Real expression data are bounded. At the lower bound, a cell cannot express less than zero copies of a gene. There is also an upper limit of detection in any experimental setup and to the levels of RNA that can be produced when a promoter is fully occupied by the transcriptional machinery and transcribing at the maximum rate. These constraints produce sigmoid expression patterns. For this reason, Relos allows users to sigmoidally transform the output data. Users may explicitly tell Relos to transform the data. In this case, Relos uses a sigmoid transformation centered on the average expression for the simulation (see methods). Using the simulation expression mean to center the transformation allows rule-sets to be compared in terms of the variation present in the parsed promoters. Simulations with large variance will show a spread of values between zero and one. Simulations with little variance will, when transformed, cluster around the value of 0.5. One consequence of the mean-dependent transformation is that it is impossible to generate a transformed dataset in which all expression is either "on" or "off" since datasets with very little variation will result in midline expression when transformed. Users may therefore specify a rule at the end of the pipeline employing a custom analyzer to transform the data. Relos comes with a SigmoidalTransform analyzer (see Methods) that can be used for this purpose, but users may also provide their own transformations. The SigmoidalTransform analyzer uses four parameters (see Methods) to adjust the shape and scale of the transformation. These parameters are independent of the simulation dataset and determine an absolute scale of expression onto which all rule-sets are mapped. By using a consistent set of parameters, users can compare rule-sets with regard to their strength of expression and compare variances according to where the mean lies in the absolute expression scale. Since this transformation does not depend on the dataset, the absolute scale is arbitrarily determined by the choice of parameters and users should be careful to use rules consistent with the scale determined by the parameters.
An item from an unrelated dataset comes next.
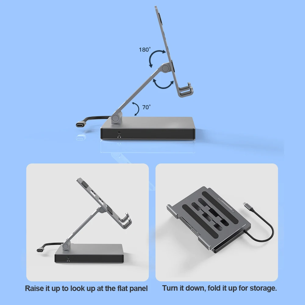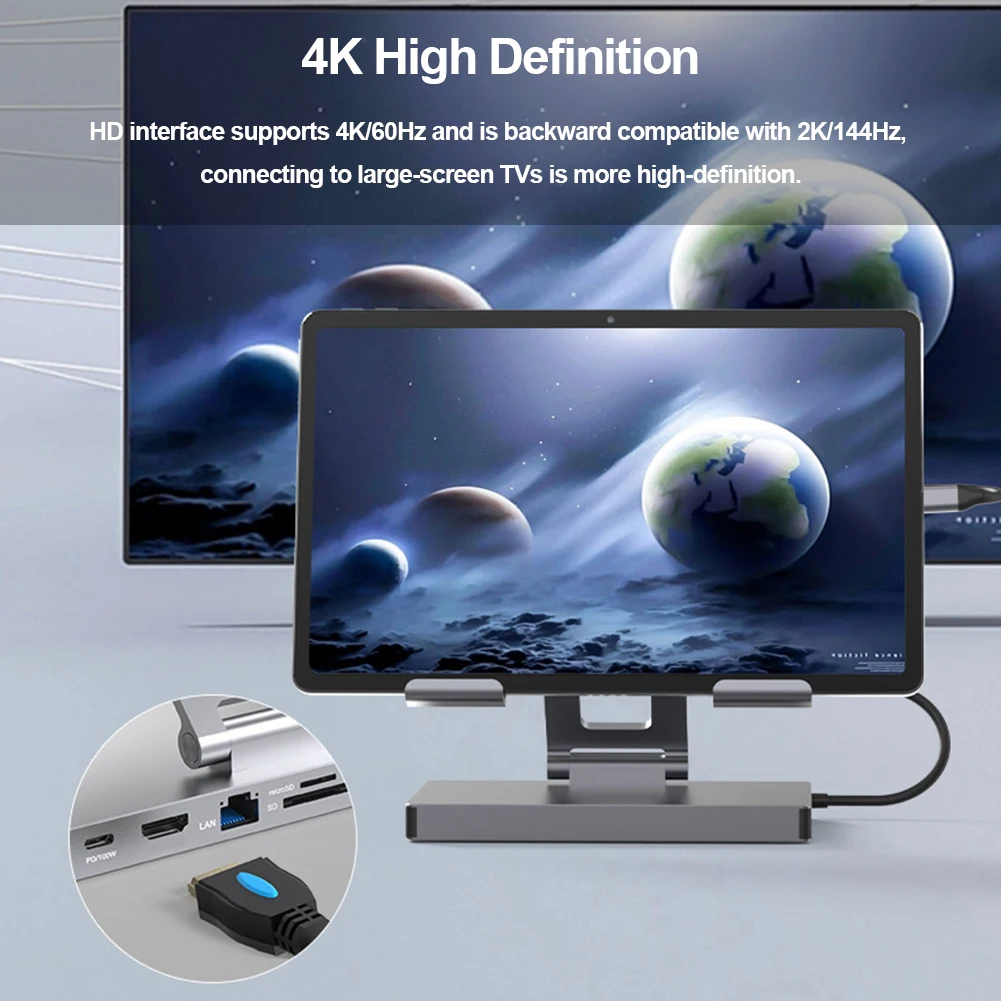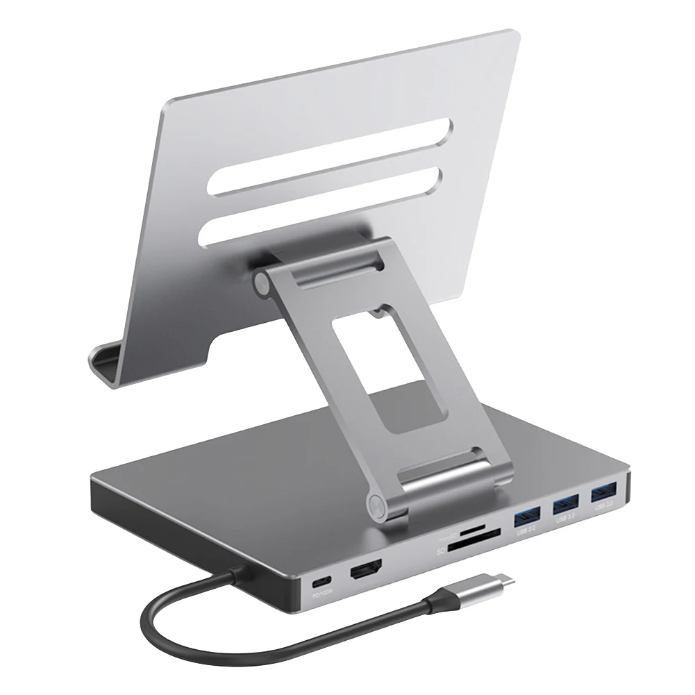 Estación de acoplamiento Soporte para computadora portátil Aleación de aluminio Múltiples puertos Hub PD USB3.0 Soporte USB C Estación de acoplamiento Ranura SD TF Gigabit Ethernet
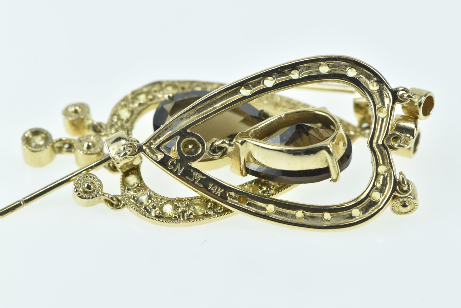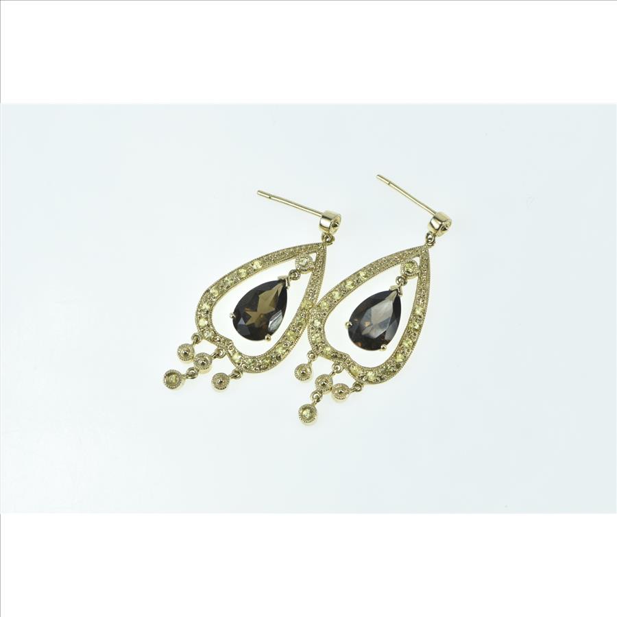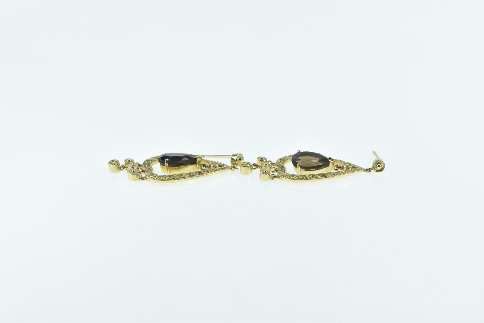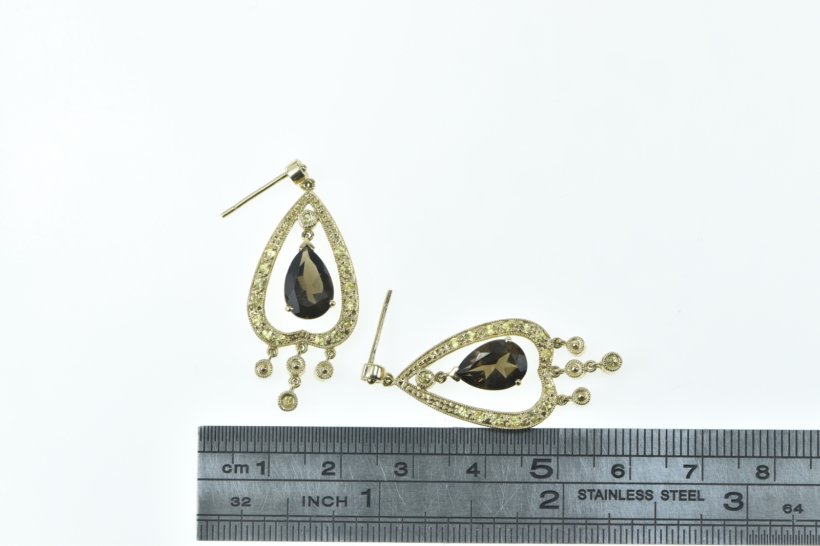 14K LeVian Smoky Quartz Yellow Sapphire Dangle Yellow Gold Earrings

In addition to rules, their analyzers and constraints, and transformation parameters, the XML simulation file contains other adjustable attributes for the simulation. For example, after the promoters have been interpreted using the current rule set, Gaussian noise is added by the simulator with a user defined standard deviation. Relos is also capable of generating random promoters based on user-defined properties, such as promoter length, cis-regulatory elements and their frequencies and outputting promoters in either fasta or Relos format. These synthetic promoters can be used directly by the simulator. For more details, see Methods.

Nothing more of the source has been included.